Among other activities, the licence permitted Audley End to play live music at private functions. The licensing authority, the appellant district council, granted the licence subject to one particular condition among several in the following terms:
"Amplified sound from the premises shall not be clearly audible at the boundary of any noise sensitive premises."
Mr Whale, counsel for the appellant, has taken me to the minutes of the meeting before the Licensing Committee held at Saffron Walden on 22nd December 2005. There were, I am told, in all some 150 objectors, several, if not all, of whom made written submissions. About three of them had made reference in writing to the need for some measured level to be provided for in a condition of the grant of any licence given.
The District Environmental Health Officer dealt with the proposed noise condition in these terms at the meeting:
"The District Environmental Health Officer therefore strongly recommended the imposition of a condition to prevent public nuisance that amplified sound not be clearly audible at the boundary of any noise sensitive premises. Such a condition did not need equipment to assess the noise, nor would be it be affected by weather conditions. Alternatively she suggested limits on the hours when amplified music could be played outdoors, the number of events per annum, the duration of each event and the decibel level of the music above background. She listed the relative disadvantages of this alternative and pointed out that English Heritage might well be able to contain noise within its site by appropriate siting and layout of the amplifiers."
Mr Graham, solicitor for English Heritage, was asked how it was proposed noise levels should be monitored by his client for the benefit of any residents who may be affected. He answered:
"...that it would be done with a noise measuring device. One of these had been bought but training was necessary about its use. He had advised the Applicant that readings should be taken regularly and a record kept as a defence tactic in the case of any complaints or reviews of the licence.
In answer to a question the District Environmental Health Officer confirmed that no decibel limits would need to be specified if the licence contained the suggested condition that sound from the licensed premises should not be clearly audible at the boundary of any noise sensitive premises."
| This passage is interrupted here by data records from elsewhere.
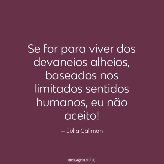 Se for para viver dos devaneios alheios, baseados nos limitados sentidos humanos, eu não aceito!
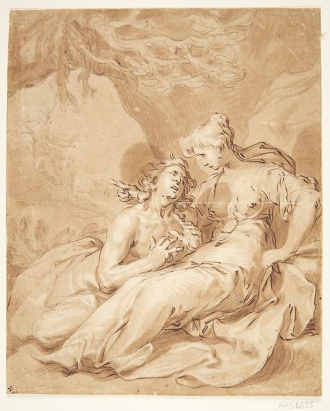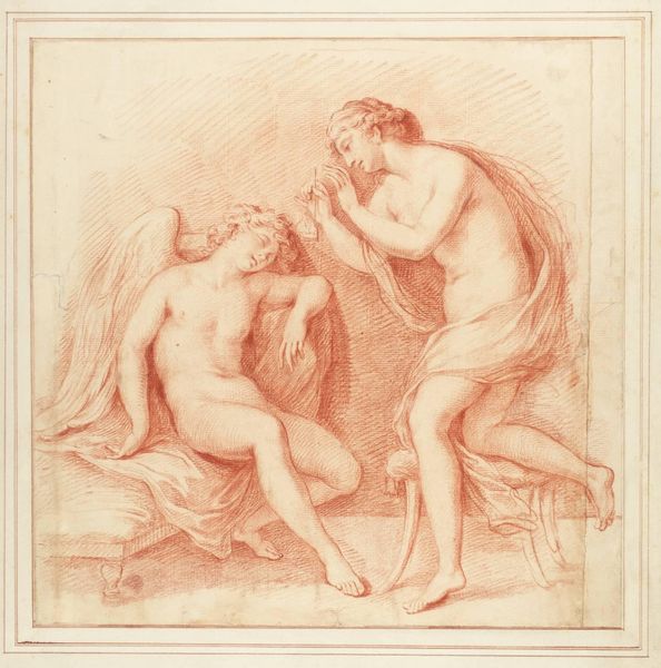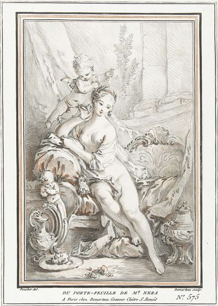 Gilles Demarteau created this print of Venus and Amor, likely sometime in the late 18th century. It depicts Venus, the Roman goddess of love, with her son Cupid, surrounded by grapes. Prints like these played a crucial role in disseminating artistic ideas during this period. Demarteau, as the inscription tells us, operated his print shop in Paris. It was there that images of paintings and sculptures, often depicting classical subjects like Venus, were reproduced and sold to a growing market of art enthusiasts. These prints weren’t just copies; they were interpretations, often adapting the original work to suit the printmaking technique and the tastes of the time. The image itself speaks to the cultural fascination with classical antiquity that characterized the era, particularly within the French Royal Academy of Painting and Sculpture. The choice of subject matter, the idealized figures, and the elegant composition all reflect the Academy’s influence on artistic production. To truly understand this print, we can delve into the archives of the Royal Academy, explore the print market of 18th-century Paris, and examine the artist’s other works. These resources help us understand the social and institutional context in which it was made.
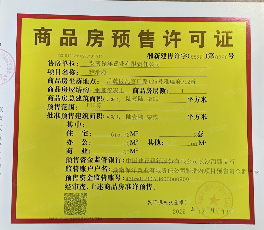 - 湘新建售许字(XX25)第0266号 详情发证时间 2025-12-12绑定楼栋P12#证件照片
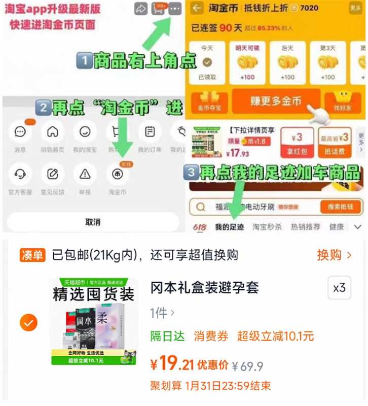 0.9元/片的冈本避孕套 冲‼ - 冈本超薄避孕套共60片💰57.6 ☀88拍三件+叠淘金币才成立 - 商品右上角3个点,选淘金币 再选 我的足迹-找到商品拍下 / AC66/
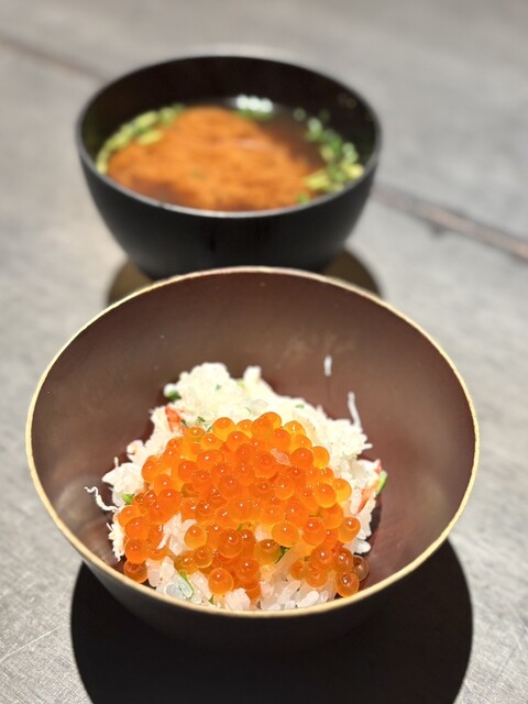 締めの料理です。赤出汁と一緒にいただきました。

Mr Graham went on that he had considered the condition recommended by the District Environmental Health Officer and had taken the view that it was not in accordance:
"... with public guidelines and questioned how anyone could prove what would be audible at the edge of the Estate. Mr Graham added that guidelines could be registered by the Applicant once the noise survey had been carried out."
Thus, at the licensing meeting English Heritage proposed no specific maximum and conceded that, if consideration was to be given to a measured noise maximum, then a noise survey would be required first.
Following grant of the licence with its nonspecific condition, English Heritage proceeded to carry out that noise survey by means of experts, Capita Symonds. In consequence of the tests carried out by Capita, English Heritage wrote to the appellant council on 16th May 2006 proposing the imposition of a condition specifying the noise level beyond which the breach would occur. The level proposed was 55 decibels over a 15-minute period measured at 1 metre from any residential premises. When, however, a noise test was carried out by Capita Symonds on 27th March 2006, they found and expressed the opinion that a music level of between 50 and 55 decibels equated with the District Council's perception of the term "clearly audible".
The appellants rejected the proposal to fix the maximum level at 55 decibels or at any other specific level and made no counter proposal. The contest therefore proceeded to a complaint heard before the Justices on 3rd July 2006. The Justices heard evidence from English Heritage's expert and accepted the submissions made on its behalf.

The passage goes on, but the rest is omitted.